I agreed and he showed me the trade. Not hard, really: just pull out the old window bead, use it as a template to cut and shape a new length of window bead, and snap it into place.

Oh, you don’t know what “window bead is?”

S’ok. Neither did I.

 

window_bead_repair_colorado_springsHail Damage to Window Bead Repaired $10

So, it’s this stuff that surrounds the outside of a window.

Remember how I told you we discovered a way to get free Google juice and get listed multiple times on the front page of search results for local business?

Well, it doesn’t do you any good to have a kickass system to qualify for keywords… if you don’t know what keywords customers would even use.

SO at first, it seemed that a side service by Mobile Screen Repair was not gonna happen.

Okay, end of first story. Here’s a second:

Another customer told me that just a few weeks before a big hailstorm, he’s on a golf course… and meets the fella that owns the roofing company …the one that happened to refer me.

That roofer gave my customer a business card (wait.–maybe this will undermine my ‘no biz card needed’ assertion earlier– awww, too late) and promised him a 5% referral fee if he got any business for him.

Anyhoo, immediately following the hailstorm… our hero, my customer, goes up and down the street in his (fairly affluent) neighborhood and scores the roofer 21 jobs!

The roofer honored the 5% commish agreement.

That put tens of thousands of dollars into my customer’s pocket.

NIIIICE…

A Tale of Two Stories

SO these two stories were the germ of my next big move for Mobile Screen Repair.

On the one hand, I’m thinking to expand from just repairing hail-damaged screens into repairing “window bead”… but dunno how to qualify for something most folks wouldn’t search for…

On the other, I’m thinking how awesome it must have been for my customer to pretty much drop a name 21 times and get a five-figure payday out of it.

When the confluence of these ideas hit me.

Since getting new biz from the internet is a breeze for me, due to the hacks I’ve learned…

…and since at least one roofing company (that I already happen to work with!) seem to be okay with a finder’s fee…

….why not simply qualify for the keywords, “hail damage” and grab both markets?

To quote His Sheldon-ness:

BAZINGA.

The Next Big Step for this Shoestring Stepper

Stepper, that’s my next big gambit.

Not shabby for a business we started (while you were watching) for $62.66.

I don’t know how this idea for growing it to the next step will perform… if at all.

I DO know that keeping your ear to the ground and looking for ways to leverage your business relationships is the way to keep growing.

Who knows?
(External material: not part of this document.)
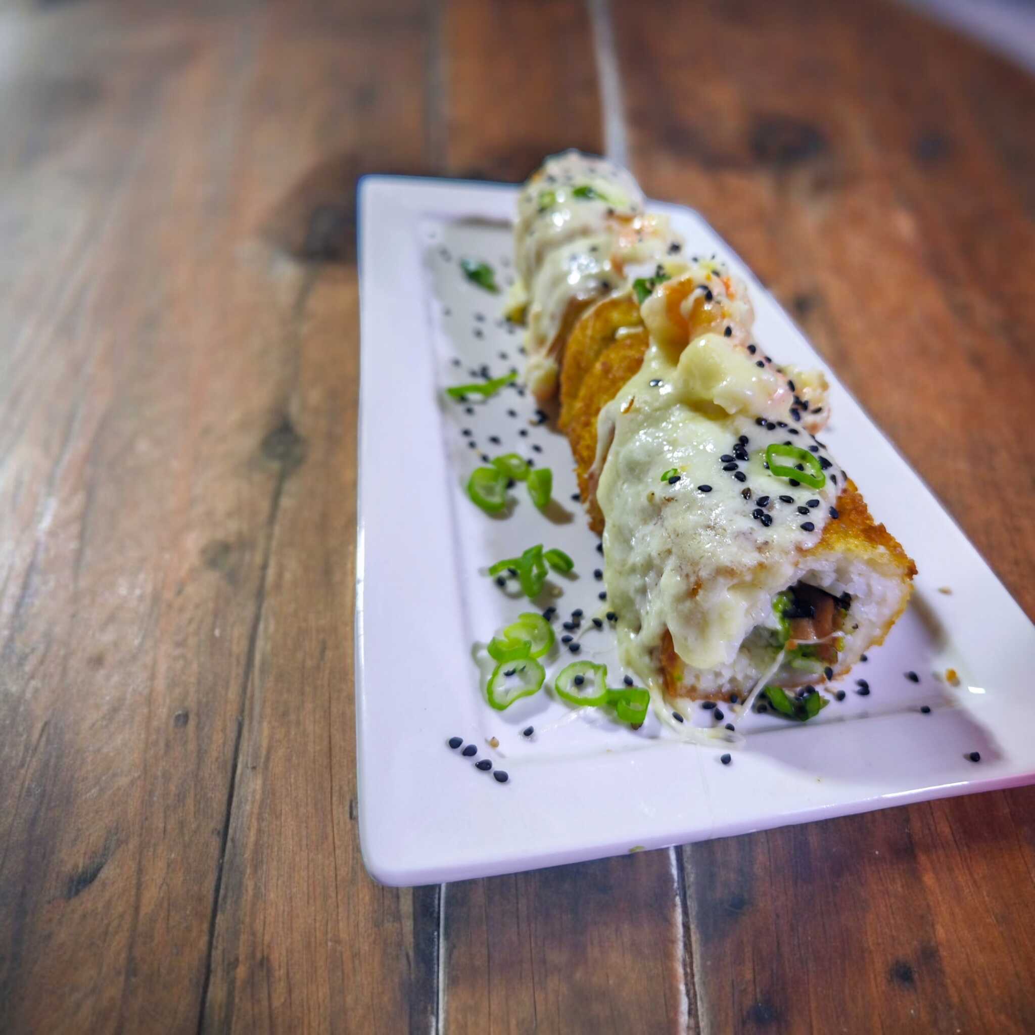 Relleno de queso crema, aguacate, tocino, camarón cocido, por fuera en tempura, encima tampico, ajonjolí y cebollín.

Maybe soon Mobile Screen Repair will be the Mobile Hail Damage Team or some such.

Or this idea may fail miserably and I’ll have done a bit of work, qualifying for keywords but without a payoff.

Awwww, durn.

Either way, you heard it here first.

Whaddya think, guys? Will this strategy of directly grabbing customers that have a need for hail damage to be repaired, and funneling referrals to other professionals work? Or will it be a gi-normulous flop?

Leave me your thoughts in the comments section.

Til my next report,

Keep Stepping!

Kurt

Comments

  1. Nichelle
    Twitter:
    says:

    Boom! I like it.

    • Kurt Frankenberg
      Twitter:
      says:

      Ayyyy! Nice of you to weigh in Lieutenant Uhura! 😉
      Thanks. I’m looking forward to capturing my first, “I need ALL of my hail damage needs covered” client and see if we can refer biz to the roofing companies instead of the other way around. With only single-digit commish, it’s still maybe $500-$1000ish just for dropping a name.